Employee further affirms that Employee has not been retaliated against for reporting any allegations of wrongdoing by Employer or its officers, including any allegations of corporate fraud. Both Parties acknowledge that this Agreement does not limit either party’s right, where applicable, to file or participate in an investigative proceeding of any federal, state or local governmental agency. To the extent permitted by law, Employee agrees that if such an administrative claim is made, Employee shall not be entitled to recover any individual monetary relief or other individual remedies.

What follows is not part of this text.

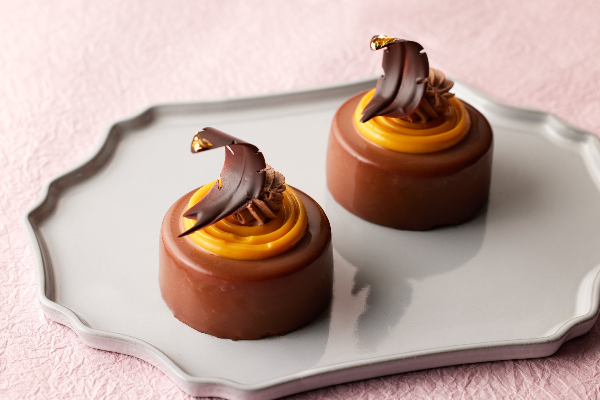 グランドニッコー東京 台場のバレンタインでは、2021年の初登場以降、毎年人気のルビーチョコレートとビターチョコレートをどちらもお楽しみいただける「ショコラクリュ」と、トップに施されたクレームマンゴーパッションの鮮やかなオレンジ色が目を引く「ムースショコラ キャラメルエキゾチック」が登場します。

7.Non-Disparagement. Employee shall not make any negative statements concerning, or take any action that derogates, the Company or any other Releasee, or the Company’s, or any other Releasee’s, services, reputation, officers, directors, employees, financial status, or operations or damages any of the Company’s or any other Releasee’s business relationships. It is agreed that in the event of a breach of the provisions of this Paragraph 7 by Employee, it would be impractical or extremely difficult to fix actual damages to the Company. Therefore, the Parties agree that in the event of such a breach, Employee shall pay to the Company, as liquidated damages, and not as penalty, the sum of TWENTY THOUSAND DOLLARS AND ZERO CENTS ($20,000.00) for each breach by Employee, which represents reasonable compensation to the Company for the loss incurred because of each such breach.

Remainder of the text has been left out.